There’s nothing especially creative about the space, of course, unless you’re fortunate to be staying somewhere in the clouds. That’s okay, though: the anodyne room is, in itself, a tonic. You’re not doing laundry and you’re not doing dishes. Your bed gets made every day (and be sure to tip the maid, by the way) and your normal decisions are largely reduced to whatever you have in your bag and wherever you need to be in the town where your hotel is located.
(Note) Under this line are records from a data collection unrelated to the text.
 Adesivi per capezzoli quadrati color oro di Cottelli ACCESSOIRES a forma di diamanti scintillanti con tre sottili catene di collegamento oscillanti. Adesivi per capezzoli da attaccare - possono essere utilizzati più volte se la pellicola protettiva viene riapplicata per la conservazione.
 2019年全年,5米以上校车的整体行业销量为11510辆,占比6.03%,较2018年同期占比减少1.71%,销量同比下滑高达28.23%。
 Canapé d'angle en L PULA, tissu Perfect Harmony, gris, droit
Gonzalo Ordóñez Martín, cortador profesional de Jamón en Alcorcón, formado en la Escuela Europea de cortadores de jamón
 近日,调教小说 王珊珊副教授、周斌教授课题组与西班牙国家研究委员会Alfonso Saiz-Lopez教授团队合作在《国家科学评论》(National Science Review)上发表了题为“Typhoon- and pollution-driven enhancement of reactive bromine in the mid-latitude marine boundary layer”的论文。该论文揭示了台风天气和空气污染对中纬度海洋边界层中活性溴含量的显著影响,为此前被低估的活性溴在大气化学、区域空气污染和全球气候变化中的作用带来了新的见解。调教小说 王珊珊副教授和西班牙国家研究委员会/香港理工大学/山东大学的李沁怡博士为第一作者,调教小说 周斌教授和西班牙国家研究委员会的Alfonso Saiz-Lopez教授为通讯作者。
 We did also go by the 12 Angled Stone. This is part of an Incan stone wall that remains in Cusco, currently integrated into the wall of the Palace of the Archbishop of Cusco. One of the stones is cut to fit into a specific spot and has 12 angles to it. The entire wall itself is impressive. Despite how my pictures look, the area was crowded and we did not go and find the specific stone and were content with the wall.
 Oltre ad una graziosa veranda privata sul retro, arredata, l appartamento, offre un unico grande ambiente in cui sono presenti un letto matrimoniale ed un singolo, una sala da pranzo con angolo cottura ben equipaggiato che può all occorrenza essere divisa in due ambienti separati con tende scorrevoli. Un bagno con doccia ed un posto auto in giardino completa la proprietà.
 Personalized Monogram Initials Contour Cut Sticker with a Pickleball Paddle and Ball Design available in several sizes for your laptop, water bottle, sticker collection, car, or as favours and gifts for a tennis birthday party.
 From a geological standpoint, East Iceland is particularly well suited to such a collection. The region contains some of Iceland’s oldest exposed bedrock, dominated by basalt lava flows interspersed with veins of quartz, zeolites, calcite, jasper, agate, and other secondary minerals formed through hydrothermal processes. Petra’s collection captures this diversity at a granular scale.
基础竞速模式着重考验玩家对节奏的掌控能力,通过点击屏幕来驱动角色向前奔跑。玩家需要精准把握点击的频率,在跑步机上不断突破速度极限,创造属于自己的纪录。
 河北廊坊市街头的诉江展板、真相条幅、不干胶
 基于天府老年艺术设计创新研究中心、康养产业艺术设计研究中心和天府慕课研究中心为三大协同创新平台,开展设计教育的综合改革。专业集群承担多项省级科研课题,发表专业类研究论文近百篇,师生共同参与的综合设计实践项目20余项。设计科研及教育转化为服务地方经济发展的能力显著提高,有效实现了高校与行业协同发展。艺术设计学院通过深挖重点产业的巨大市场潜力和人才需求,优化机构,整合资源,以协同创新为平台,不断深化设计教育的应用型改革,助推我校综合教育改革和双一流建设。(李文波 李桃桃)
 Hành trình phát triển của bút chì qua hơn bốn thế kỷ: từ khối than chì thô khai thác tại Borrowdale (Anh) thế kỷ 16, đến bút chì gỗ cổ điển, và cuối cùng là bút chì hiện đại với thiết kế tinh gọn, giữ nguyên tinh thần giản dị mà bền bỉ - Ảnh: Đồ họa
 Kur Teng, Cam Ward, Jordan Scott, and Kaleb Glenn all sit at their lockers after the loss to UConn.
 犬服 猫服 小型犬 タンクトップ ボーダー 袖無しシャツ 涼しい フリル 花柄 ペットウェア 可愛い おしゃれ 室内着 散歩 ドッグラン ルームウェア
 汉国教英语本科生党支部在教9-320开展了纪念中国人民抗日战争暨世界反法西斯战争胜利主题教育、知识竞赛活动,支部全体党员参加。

Meals are a function of where you go when you walk out, where you sit, what you order. But the day begins and ends in the quiet of your room. The door closes, the keycard goes on the nightstand, your shoes come off.  Even traveling with family or friends or professional colleagues, the hermetic seal of your hotel room is like what Superman must have felt like every time he stepped into the phone booth. It was a moment of respite, privately hidden from the world before he went out to do what he needed to do. It was a private moment of calm, all to his own. In your hotel room it’s about knowing that you can drop your pretenses; you don’t need super powers.  

I often write when I’m in hotel rooms. I process photographs and, depending on the reason I’m staying out of town, I sometimes construct video field-production stations and work on moving pictures of various sorts. I dream of working on big projects when I’m in a hotel room, always just beyond my grasp. The time and focus for big projects has usually been spoken for by other purposes, but the clarity of mind that often accompanies days and nights on the road finds its way back home with me in subtle, valuable ways. On the road I am reminded of what matters to me, and I am often surprised with what I rediscover.

Nobody owns the place they live. Even away from hotels, it’s a borrowed room for all of us, every single day and night. Not everyone in the world has the ability to lie their heads on even one pillow in the dark, let alone a second one, and certainly not everyone has the ability to close the door to a quiet place, all their own for a few hours. When I open the door to a hotel room and step inside it never fails that I’m aware that this space is not something to take for granted. I put my bags down, notice that it’s essentially the same as the last one, and I’m grateful.